‘Private Practice’ fakes us out in the season premiere- clever or just sneaky?

09.30.11 8 years ago 3 Comments

I’ll admit that “Private Practice” (along with its companion piece “Grey’s Anatomy”) is one of my guilty pleasures. A prime time sudser about narcissistic doctors who Care Too Much and should all be brought up on malpractice charges in every episode, the storylines frequently veer into too crazy/ridiculous/annoying to be believed territory (a crazy patient splits open Violet and steals her unborn baby! Charlotte discovers her rapist is a patient at her hospital!). But with a committed cast and characters who, when not saving the world, are busily bedding one another, it’s just good, soapy fun. But last night the show tested my patience, and for once the usual soap opera tropes aren’t working for me.

In the promos for the show, all signs pointed to Big Dead Pete (Tim Daly). After all, he suffered a heart attack in last season’s finale, prone and alone in his house with the exception of little Lucas. I would have thought, given his parents’ tendency to meet with misfortune, Lucas would have been trained to dial 911 before he learned how to use a spoon, but guess not. Anyway, in the promos we see Sam (Taye Diggs) somberly calling for time of death. Well, who else is he going to declare dead?

It turns out, some guy we don’t know or don’t care about! Psyche! Yes, Sam was trying desperately to help Charlotte (KaDee Strickland) revive a patient, and he did seem truly distraught that this guy he’s never seen before was going up to the big hospital in the sky. But, as we know, he’s a doctor who Cares Too Much. Every death makes tears well up in his eyes, even as he considers texting something smutty to Addison (Kate Walsh). As much as I may enjoy these doctors in a fictional arena, I’d run screaming from the hospital if I found a real doctor who behaved like these guys do. 

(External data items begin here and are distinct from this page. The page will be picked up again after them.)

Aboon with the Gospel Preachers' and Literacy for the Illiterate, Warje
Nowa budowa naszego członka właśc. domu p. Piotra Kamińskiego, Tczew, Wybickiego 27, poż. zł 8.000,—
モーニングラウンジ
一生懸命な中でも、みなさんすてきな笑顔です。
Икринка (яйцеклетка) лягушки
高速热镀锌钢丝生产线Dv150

Now, I will admit, killing off Pete seemed not only unlikely, but a mistake for the show. Pete and Violet (Amy Brenneman)’s relationship problems are still unfolding, and Pete’s troubled background hasn’t been deeply mined or emotionally resolved. While Violet seems to be stuck in the same, tired fight-or-flight pattern in dealing with her troubles, Pete was someone who was mostly unwilling to put up with her games (and while Cooper [Paul Adelstein] always stomps his feet and cries foul, most of the time he crumbles into a warm, mushy mound of forgiveness where Violet is concerned). Just a thought — if we have to kill off a character, can I recommend Violet? 

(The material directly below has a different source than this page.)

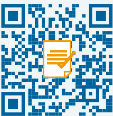
AEMET: Predicción inmediata

Permite realizar predicciones en las zonas específicas en las cuales se disponga de estaciones meteorológicas que aporten datos al modelo predictivo.

But when Pete makes a remarkable recovery, allowing him to mutter mushy love stuff to Violet as she stares at him gooey-eyed, it’s not only an opportunity lost for both actor and show (what actor doesn’t want the chance to contend with stroke-induced paralysis or chronic pain? It’s Emmy catnip!) but, again, a test of my patience. It reminds me of when Meredith (Ellen Pompeo) drowned for 20 minutes on “Grey’s Anatomy” — and was quickly resuscitated, none the worse for wear. Yes, these are prime time soaps, so lightly grounded in reality they could float away at any minute, but do these characters have to be superhuman as well? Not only are we faked out in the promo and in the early part of the show, the whole season-ending drama is quickly swept under the carpet to make room for new plot twists. Given that the strength of “Private Practice” lies in the solid cast and the characters they play, for the show to play fast and loose with character development is to risk bringing down a pretty shaky house of cards. 

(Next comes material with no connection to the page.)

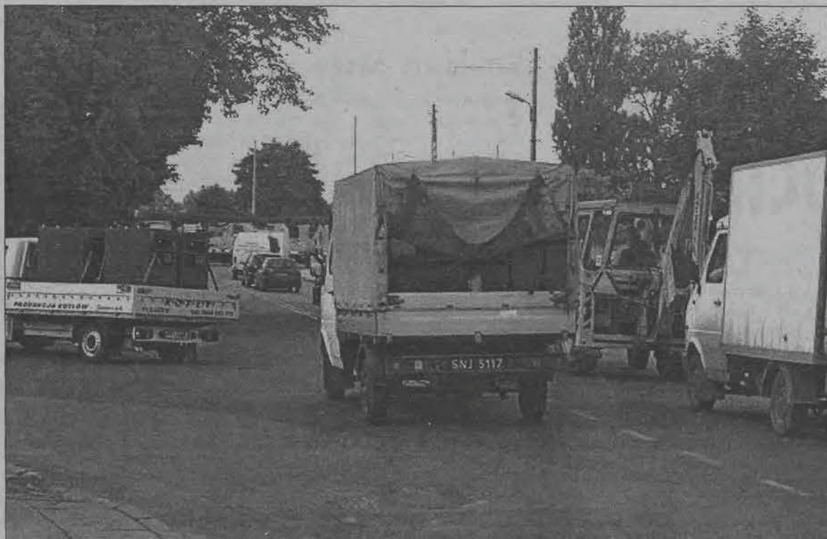
Ruch na skrzyżowaniu ulicy Warszawskiej i Bolimowskiej w piątek około godz. 10.

So, shame on “Private Practice” for not only faking me out, but wrapping up a major storyline in a happy, one episode bow. Of course, I’ll keep watching (the addition of Benjamin Bratt to the show has piqued my interest, as a Sam-Addison-Jake triangle is clearly in the making), so I can’t waggle too much of a finger at “Private Practice.” But I can’t say another eye-roller like this one won’t be too many.